Sequence of triangles with exponentiated sides

Question

Let $a,b,c\in\Bbb R^+$. For any given $n\in\Bbb N$ there exists a triangle with sides $a^n,b^n,c^n$. Show that at least two of $a,b,c$ are equal.

I know that you can create inequalities for $a^n,b^n,c^n$, but what's next?

Answer 1

If all of $a,b,c$ are different, without loss of generality let $a<b<c$. Define $x=\frac ab$ and $y=\frac cb$ so that we have $x<1<y$.
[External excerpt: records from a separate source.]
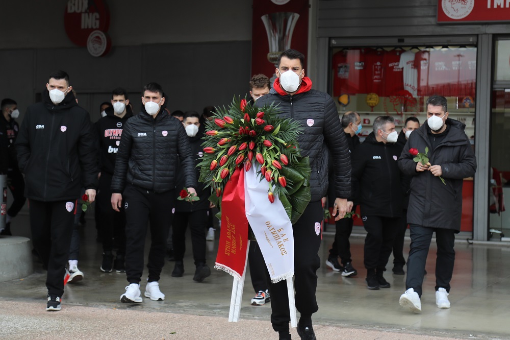 Το μεσημέρι της Τρίτης (08/02) σύσσωμη η ομάδα του Ολυμπιακού επισκέφθηκε το μνημείο των θυμάτων της Θύρας 7 και απέτισε φόρο τιμής στους 21 αδικοχαμένους φιλάθλους.
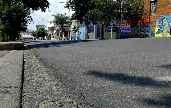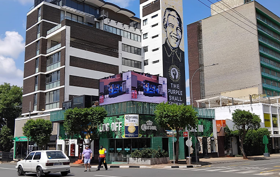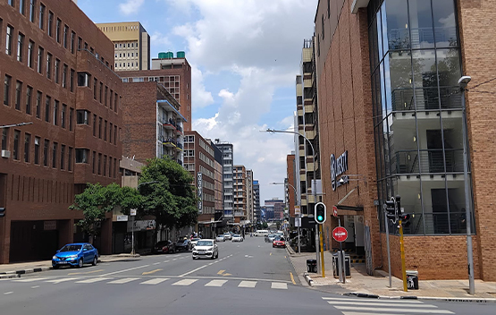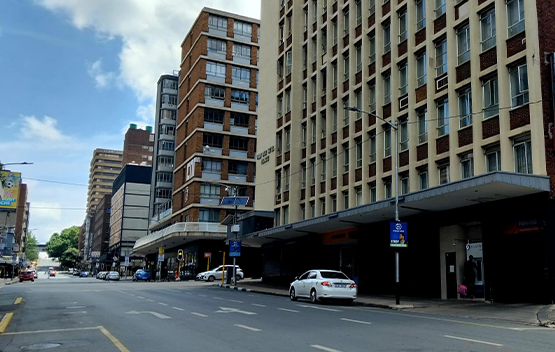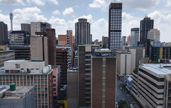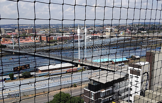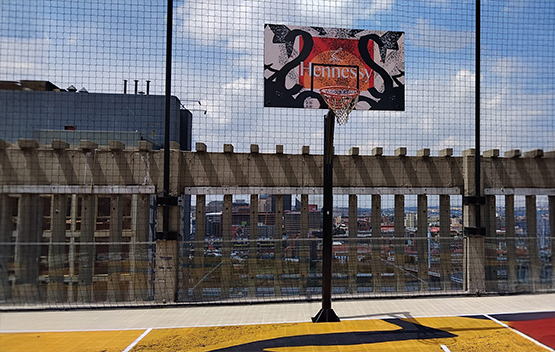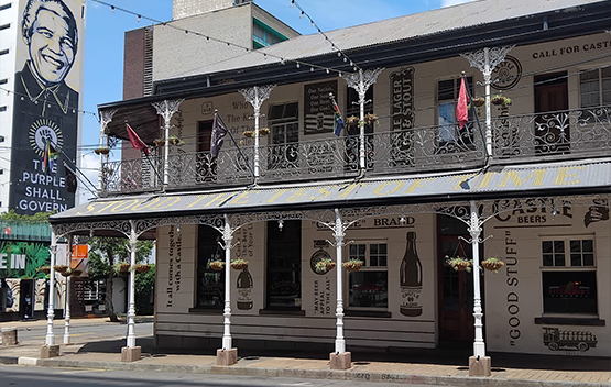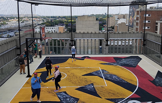 After some exploring, we headed to Milner Park Hotel, built in 1888, which still houses Kitcheners, Johannesburg's second oldest bar. Next, we climbed thirteen flights of stairs to reach the rooftop basketball court, where we were rewarded with stunning views of the Johannesburg skyline, Nelson Mandela Bridge, and the old train station.
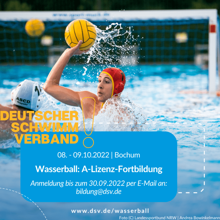 Der Deutsche Schwimm-Verband führt vom 08. - 09.10.2022 eine Fortbildung für A-Lizenz-Trainer*innen im Wasserball durch. Alle wichtigen Informationen sind der Ausschreibung zu entnehmen.
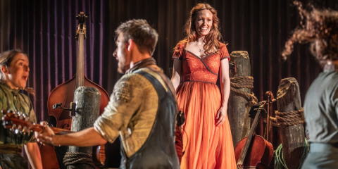 俳優たちが楽器を奏で歌い上げ、活気で満たされた舞台
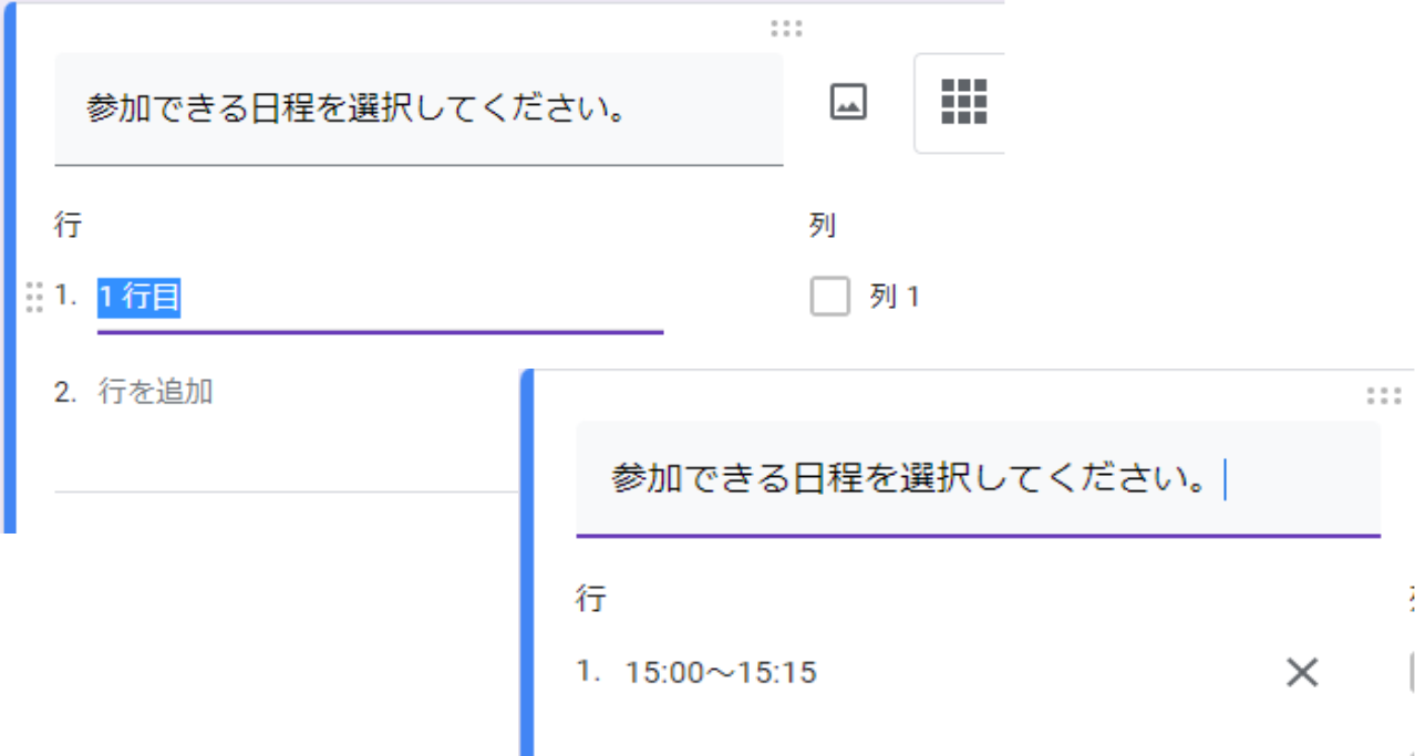 30.行の「1行目」をクリックし、選択肢を入力する。
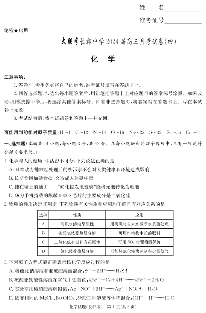 湖南省长郡中学2024届高三上学期月考(四)化学
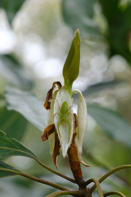 - 標柱21番近くのシロダモが芽吹き、若葉がひろがっていました。そこにいたのはワカバグモ(写真)。緑の中になじむ体色を活かして、草木の葉の上で待ち伏せて昆虫を捕食するハンターです。これもきっと狩りの最中なのですが、ふかふかの毛布にくるまれてのんびりしているようにも見えました。
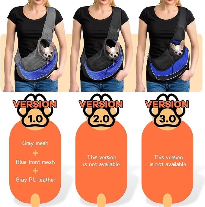 YUDODO Pet Sling Carrier for Small Dogs & Cats – Hands-Free Puppy Carrier with Safety Hook, Large Zipper Pocket, Soft Breathable Mesh, Adjustable Strap & Reflective Strip (Blue 1.0 M)
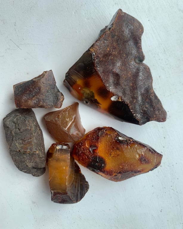 "Інколи у бурштинових шматочках трапляються залишки або цілі листочки давніх рослин, різних павукоподібних: кліщів, павуків, скорпіонів, а також комах — примітивних безкрилих, двокрилих. Це дозволяє вченим краще вивчити стародавній світ", — йдеться в повідомленні.
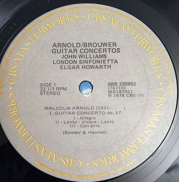 John Williams , Elgar Howarth, London Sinfonietta - Malcolm Arnold: Guitar Concerto, Op. 67 - Leo Brouwer: Guitar Concero - LP, Album, Gat - Very Good Plus (VG+)
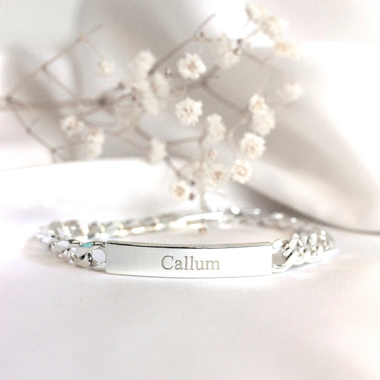 Prix habituelBracelet d'identification gravable en argent sterling de 20 cm avec bordure épaisse
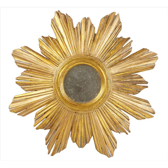 Espelho sol com moldura de madeira dourada e recortada. Diam. 31cm (total c/ moldura). Brasil, meados séc. XX

Since $x<1$, for all $n\in\Bbb N$ we have $x^n<1$ and hence $x^n+1^n=x^n+1<2$. However, since $y>1$, $y^n$ grows without bound as $n$ increases, and in particular there must be an $n$ where $y^n>2$. At this exponent we must have $$x^n+1^n<y^n$$ Multiplying by $b^n$: $$a^n+b^n<c^n$$ So $a^n,b^n,c^n$ are not the sides of a triangle and the triple $(a,b,c)$ does not satisfy the question's condition. Therefore, at least two of $a,b,c$ have to be equal.

Answer 2

Assume WLOG that $c > b > a$, then we have by the Triangle Inequality that: $a^n + b^n > c^n$. Dividing by $c^n$ we have that $\left(\frac ac \right)^n + \left(\frac bc \right)^n > 1$. But we have that $\frac ac, \frac bc < 1$, meaning that the LHS can get arbitrarily close to $0$. But this violates the Triangle Inequality, so our assumption is wrong. Meaning that at least one of the sides must be equal.